December 9, 2024 1 minute read

Meta info.

Authors: Zicheng Lin, Tian Liang, Jiahao Xu, Xing Wang, Ruilin Luo, Chufan Shi, Siheng Li, Yujiu Yang, Zhaopeng Tu
Paper: https://arxiv.org/pdf/2411.19943
Affiliation: Tencent AI, Tsinghua Univ.
Published: November 29, 2024

TL; DR

오류 추론이 발생하는 과정에 중요 역할(원인)을 하는 토큰 (critical token)을 식별하여 이 토큰을 모델 추론 개선에 적용(cDPO)하는 방법론 제안

Background

critical token의 심각성

critical token: LLM이 잘못된 추론 경로를 따르도록 유도하는 토큰
- e.g. Figure 2 의 “owed” → “paid” 변경
- experiment: GSM8K를 Llama-3-8b로 추론 수행, critical token 식별 1) w/ critical token (token score by resampling): 틀린 reasoning에 있는 각 토큰에 대해 64회 리샘플링. 점수가 0점인 첫 토큰은 지속적으로 잘못된 결과 > critical token으로 지정 2) w/o critical token (alternative token으로 decoding 강제): 해당 token을 대체 토큰으로 강제 변경하도록 생성 제약 적용 후 동일하게 resampling → pass@k 측정 Figure 1

Problem States

critical token을 식별해서 바꾸는 게 성능에 크게 기여하긴 하는데, 그 식별비용이 너무 크고 확장성이 낮음.
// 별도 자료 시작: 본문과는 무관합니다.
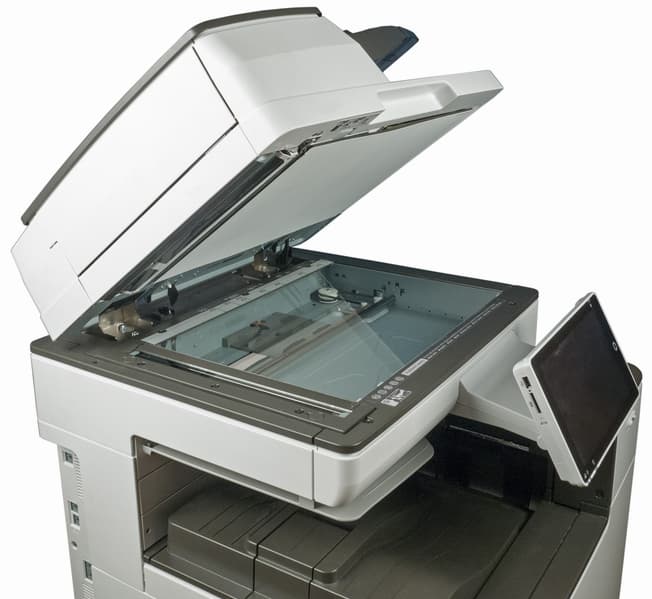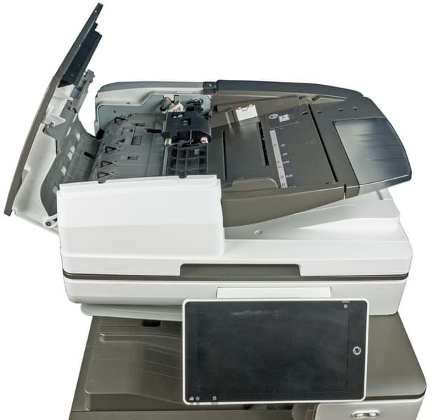 Как уже сказано выше, в нашем аппарате был установлен однопроходный автоподатчик документов, то есть обработка обеих сторон документа происходит одновременно. Для работы со стекла АПД можно открывать на угол до 90 градусов, причем с возможностью фиксации и в других положениях, начиная примерно с 20-25 градусов.

Research Question: critical token을 자동으로 찾을 수는 없나?

Suggestions

critical token을 contrastive estimation으로 자동식별해서 다른 token으로 대체하자 = cDPO

critical token 자동 식별: positive/negative (reasoning) trajectory 비교
- contrastive estimation Eq. (1) : positive model과 negative model 각각의 trajectory token level distribution 비교 Figure 3
cDPO: alignment learning중에 (1) critical token을 식별 (2) token-level reward modeling 1) Figure 4 step1 incorrect/correct trajectory 구성: positive model에 대해 무작위 선택, negative model에 대해 상위 n% 선택 (다양한 error 중 확실한거 선택하기 위함인듯) → 각 trajectory별 model SFT 학습 2) Figure 4 step2 token level DPO 수행 1. 설계: incorrect trajectory의 토큰만 점수화 (DPO tuning에서 critical token만 문제고 다른 token은 문제 없을 수 있으므로 정확한 penalty 주도록 처리해야하는데, 그렇다고 이미 잘 생성된 token 들에 (과하게) 점수를 주면 token distribution에 악영향 우려) 2. token-level preference dataset 생성: 프롬프트마다 각 trajectory pair 구성, Eq. (1) 계산하여 critical token 자동 labeling 3. reward modeling: token-level로 DPO 확장 Eq. (4, 5)

Effects

experimental setup:
- backbone: llama-3-8B/70B, deepseek-math-7b-base
- dataset: GSM8K, MATH
- baseline: positive만 학습한 SFT, 혹은 ~PO series(DPO, TDPO, RPO, …)
results
- Table 1 : 확인한 모든 벤치마크에서 p<.005로 SOTA
- Figure 5 : contrastive estimation으로 식별한 critical token을 바꾸면 일관되게 성능 향상

Personal note. 추론 실패를 유도하는 주요 시작이 되는 토큰을 식별해서 수정하면 성능이 개선된다는 이전 연구는 있었는데, 이걸 자동 식별해서 token level로 DPO 하겠다는 첫 시도라고 하네요. 실험으로 확인한 건 수리추론에 한정하고 있는데, 컨셉이 단순해서 다양한 downstream task에 쉽게 적용 가능할 것 같습니다.